Summary of approach to laboratory ACQ

Laboratories should carry out the following procedures in sequence and obtain satisfactory results before any analytical system is used for routine analysis:

1. Select an analytical system capable of producing results of the required accuracy for the determinant in question. The analytical method must describe unambiguously and in sufficient detail, the full analytical procedure.
2. Estimate the within-laboratory total standard deviation of individual results for a range of sample types or matrices and concentrations representative of the samples and sample types of interest.
3. Estimate spiking recovery achieved using the chosen analytical system for the sample matrix or matrices of interest.
4. Establish a fully documented, routine AQC system based on quality control charts, as a continuing check on analytical performance when the system is in routine use. Any problems indicated by the routine control system must be investigated immediately and remedial action taken.

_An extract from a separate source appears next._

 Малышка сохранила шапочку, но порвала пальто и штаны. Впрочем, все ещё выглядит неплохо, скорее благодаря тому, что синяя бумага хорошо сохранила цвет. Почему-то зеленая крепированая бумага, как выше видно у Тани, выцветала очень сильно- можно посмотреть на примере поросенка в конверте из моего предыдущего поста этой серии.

12.4.4 Inter-laboratory quality control

Laboratories should also participate in suitable external inter-laboratory quality control schemes involving the distribution of check samples. A sample check scheme typically entails the organising laboratory distributing samples of different matrices (e.g. fresh and salt water) and determinants (e.g. metals and organic substances) to participating laboratories. Analysis is undertaken by the participating laboratory and the results are returned to the organising laboratory. This provides a continuous check on the accuracy and comparability of analytical results obtained in the participating laboratories, and identifies the determinants for which improved accuracy is required, towards which each laboratory should assign priority within its own analytical quality control work.

12.4.5 Inter-laboratory quality control

There are examples of national and international quality assurance programmes in some EEA States and as such these could form the basis of assuring at least the quality of chemical data reported to the Agency.

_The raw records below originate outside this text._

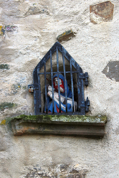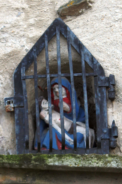 Am Ende der Udler Straße stoßen wir im alten Dorfkern auf das authentische Haus Zur Sternwarte 1, an dem ein Bildstock aus dem Anfang des 18. Jahrhunderts steht, ein Wegekreuz aus rotem Sandstein mit der Pietà als Bildrelief. An dem Schaftkreuz mit Altarkonsole fehlt leider das Abschlusskreuz. Die seitliche Beschriftung am Bildstock ist nicht mehr lesbar. Am Haus selbst ist eine eingelassene Bildnische mit Pietà zu sehen. [1]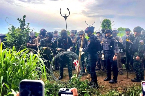 Quân đội Thái Lan dựng hàng rào kẽm gai tại tỉnh biên giới Banteay Meanchey ngày 17-9 - Ảnh: AKP/AFP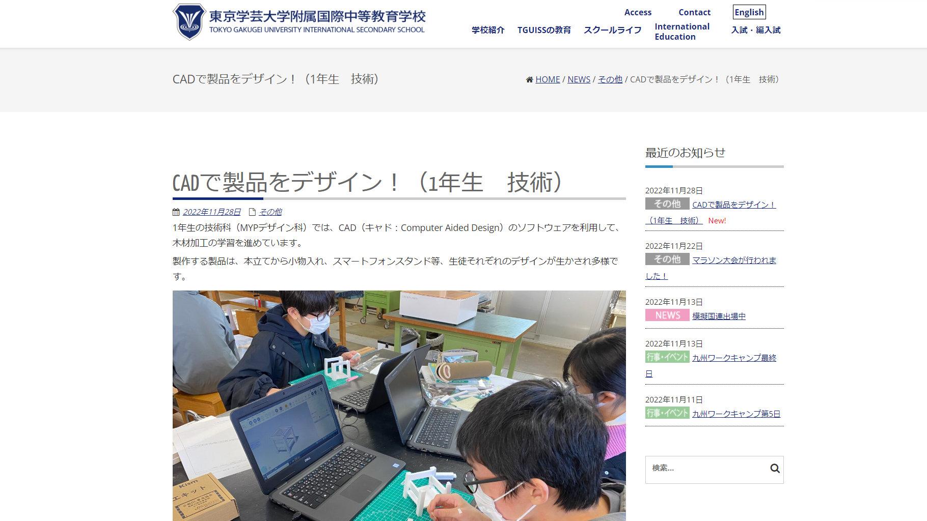 東京学芸大学附属国際中等教育学校での授業の様子が同校のHPに掲載されています。 生徒ひとりひとりが「インダストリアルデザイナー」

Table 12.2 summarises the national analytical quality control programmes that were reported to be in use in 1992/93 by 12 of the 17 EAA Member States. (ERM, 1993 cited in Groot and Villars, 1995). It can be seen that most countries reported to have some national analytical quality control programme in place.

There may also a need to establish international quality assurance programmes. Such programmes already exist for marine waters for example the QUASIMEME programme which currently supports 90 laboratories in Europe which submit data to international marine monitoring programmes (OSPARCOM, HELCOM, MEDPOL, ICES). Under Article 2 of the Agency Regulation the EEA is required to co-operate with certain organisation such as the Joint Research Centre (JRC) on certain tasks. The JRC runs a sample check, and a reference material production and dissemination programme, AQUACON, and may, therefore, have an over-seeing role in assuring the analytical quality of data submitted to the Agency.

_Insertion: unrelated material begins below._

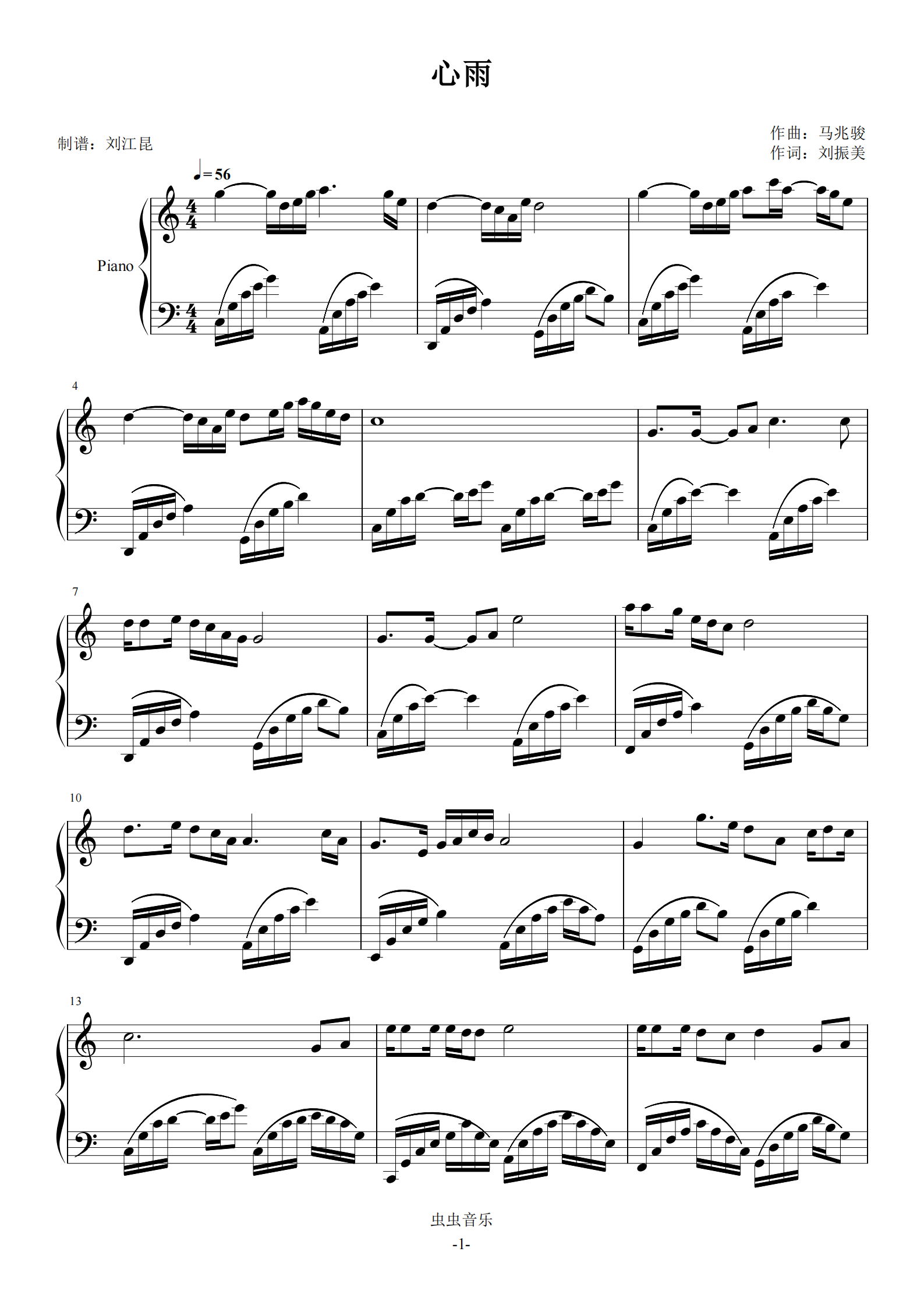 心雨(c调经典版本)钢琴谱-虫虫钢琴

Table 12.2 Summary of analytical quality control measures in some EEA Member States (ERM, 1993 cited in Groot and Villars, 1995)

Country

Analytical Quality Control

Belgium	Yes. Includes the use of recovery efficiency, blank samples and analytical standards.
Denmark	Yes. Internal AQC includes control charts and inter-laboratory comparisons.
France	Yes. Internal AQC with many laboratories formalising formal procedures in Quality Manual.
Germany	Yes. Internal AQC protocol including recovery checks, blank tests and use of different analytical methods for confirmation.
Greece	No. No formal AQC procedures currently established.
Ireland	Yes. Internal AQC protocol including reference standards, spiked samples and extraction efficiency tests.
Italy	Yes. Internal AQC including recovery efficiencies, blank samples and analytical standards.
Luxembourg	Yes.
Netherlands	Yes. Internal AQC protocols including control charts, reference samples for recovery cheeks, blank samples and inter-laboratory comparisons.
Portugal	Yes. Internal AQC including control charts and reference standards.
Spain	Yes. Internal AQC procedures applied.
UK	Yes. Internal AQC including control charts, reference standards, spiked samples, recovery efficiency tests, etc. Also, participate in inter-laboratory checks and all are externally certified.